Илья выронил чашку, та упала у моих ног и не разбилась.

– Везет тебе, однако, – улыбнулась я и подняла ее. – Хорошенькая кружечка, симпатичная…

– Меня посадят? – проблеял хозяин. – Да? Точно?

– Лучше расскажи мне все, – сладко пела я, – все, все…

– Так вы же в курсе, – ответил Илья.

– Но мне от тебя все равно надо правду узнать, – возразила я, – тогда смогу помочь. Скажу генералу, вот Илюша, хороший мальчик, помог нам, не надо его сильно наказывать. Ну зачем пожизненное требовать? Ребенок ведь совсем, двадцать один год! Что он видел, мальчишка, а мы его навсегда на шконки посадим.

– К-к-куда? – спросил парень. – На что?

– На шконки, – мило улыбнулась я, – уж извини, случайно вырвалось, нары так у уголовников называют, кроватка, на которой на зоне спят, такая железная, двухэтажная, в синюю или зеленую краску выкрашенная, тебе мрачновата покажется после Гогена, тускло немного, их в бараке штук сто бывает… Правда, тебе пожизненное светит, а там больше двух вместе в норе не селят.

– Где? – В норе, то есть в камере, да ты не тушуйся, живо феню выучишь, времени хватит…

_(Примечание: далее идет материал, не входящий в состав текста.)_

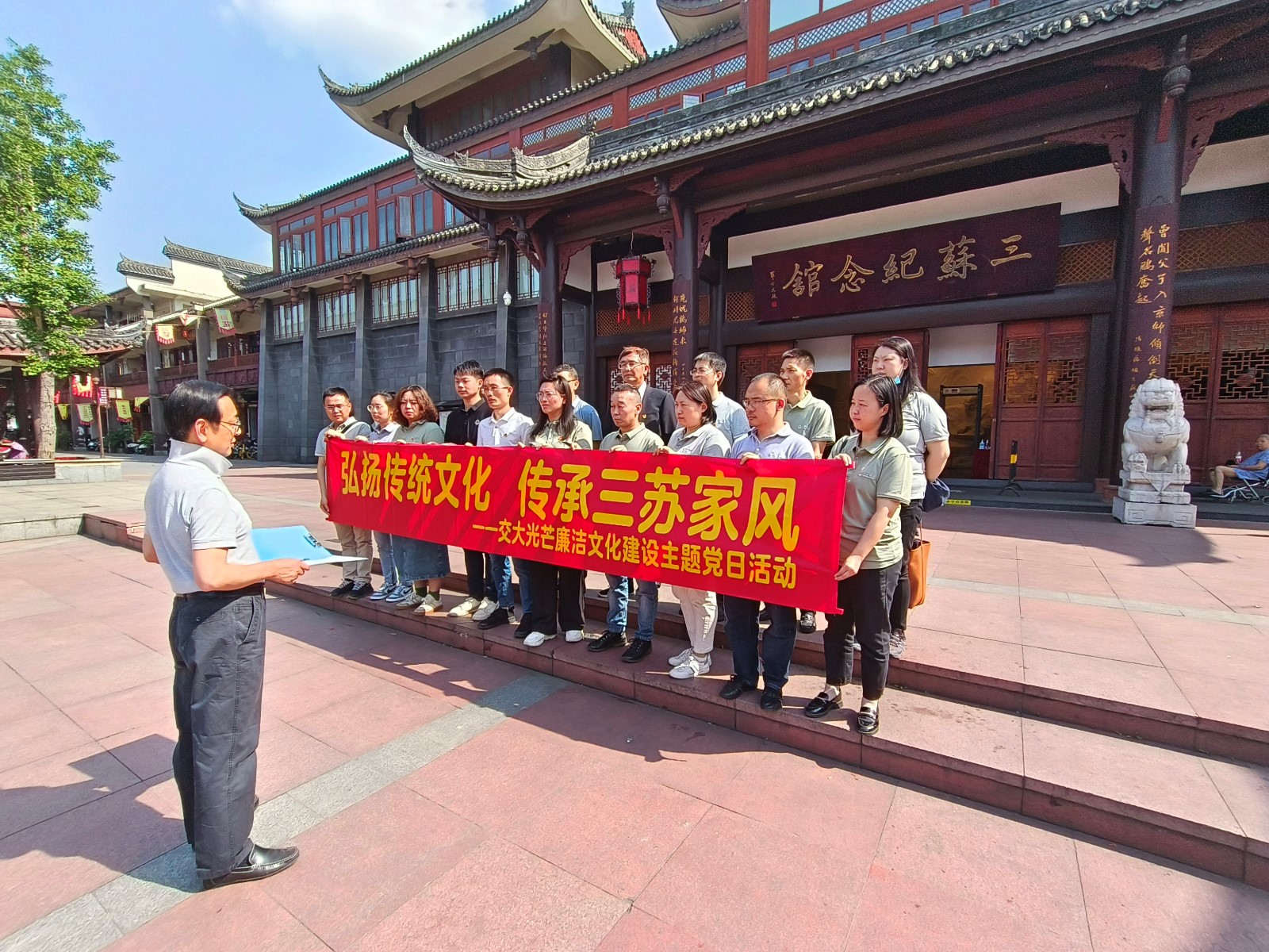为深入学习贯彻习近平总书记关于注重家庭家教家风建设的重要论述和党的二十大精神,大力弘扬和传承优秀传统文化,4月27日,交大光芒党总支组织经营班子成员、中层管理人员、关键岗位人员赴三苏祠开展廉洁文化建设主题党日活动。

– Как пожизненное? – лепетал вконец одураченный мальчишка. – За что?

– За Гогена! Ты хоть понимаешь, куда вляпался? Один путь остался – чистосердечно сейчас покаяться, а я уж попрошу генерала, он не зверь, мужик с понятием.

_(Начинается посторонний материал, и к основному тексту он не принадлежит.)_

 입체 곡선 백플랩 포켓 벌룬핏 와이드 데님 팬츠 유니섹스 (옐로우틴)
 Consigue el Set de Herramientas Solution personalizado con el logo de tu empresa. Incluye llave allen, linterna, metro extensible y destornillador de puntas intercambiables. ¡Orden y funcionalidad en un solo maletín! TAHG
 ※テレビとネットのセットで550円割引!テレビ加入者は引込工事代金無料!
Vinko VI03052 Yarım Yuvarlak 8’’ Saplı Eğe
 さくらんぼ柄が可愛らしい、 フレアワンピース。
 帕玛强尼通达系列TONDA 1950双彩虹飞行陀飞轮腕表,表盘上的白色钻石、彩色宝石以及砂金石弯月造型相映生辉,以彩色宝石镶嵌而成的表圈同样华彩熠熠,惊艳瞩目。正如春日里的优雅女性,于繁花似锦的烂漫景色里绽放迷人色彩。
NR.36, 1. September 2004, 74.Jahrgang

– Все, все расскажу, – зашептал Илюша, высыпая себе в чашку чуть ли не полбанки «Чибо», – слушайте…

Я старательно скрыла радость. Нет, все-таки хорошо, что Олег часто рассказывает вечерами о своей работе.

– Главное, – объясняет муж за чашкой чая, – чтобы у подследственного сложилось твердое убеждение: мы знаем все, а его признание лишь маленькая, почти ненужная формальность… И чем больше у фигуранта за плечами «песен», тем он быстрее расколется. Чем больше вина – тем сильнее страх.

Очевидно, Илья чувствовал себя кругом виноватым, ишь как перепугался, просто до одури. Ну и, конечно, парень до жути юридически безграмотен. Ни один работник милиции, ни генерал, ни маршал, кстати, не знаю, есть ли люди с таким званием в наших правоохранительных органах, не имеет права решать вопрос о наказании, это прерогатива суда, но Илья был совершенно морально сломлен, и он начал каяться, забыв проверить у «агента ФСБ» документы.

Илюша приехал в Москву из Семеновска. Вроде и близко расположен городок от Москвы, да только в России все, что находится за пределами столичной Кольцевой автодороги, уже провинция. И хотя с продуктами и товарами сейчас везде хорошо, менталитет людей остался прежним. Человеку талантливому в крохотном Семеновске нечего делать. После школы девочки массово шли в медицинское или торговое училище, а парни, если не попадали в армию, оказывались либо в автодорожном, либо в строительном. Те же, кто обладал амбициями и хотел непременно получить высшее образование, отправлялись в Москву.

Каким образом рождаются таланты, совершенно непонятно. Почему в крохотной деревеньке под Рязанью, у полуграмотных родителей явился на свет Есенин? Отчего он не вышел из семьи профессора МГУ? Нет ответа на этот вопрос.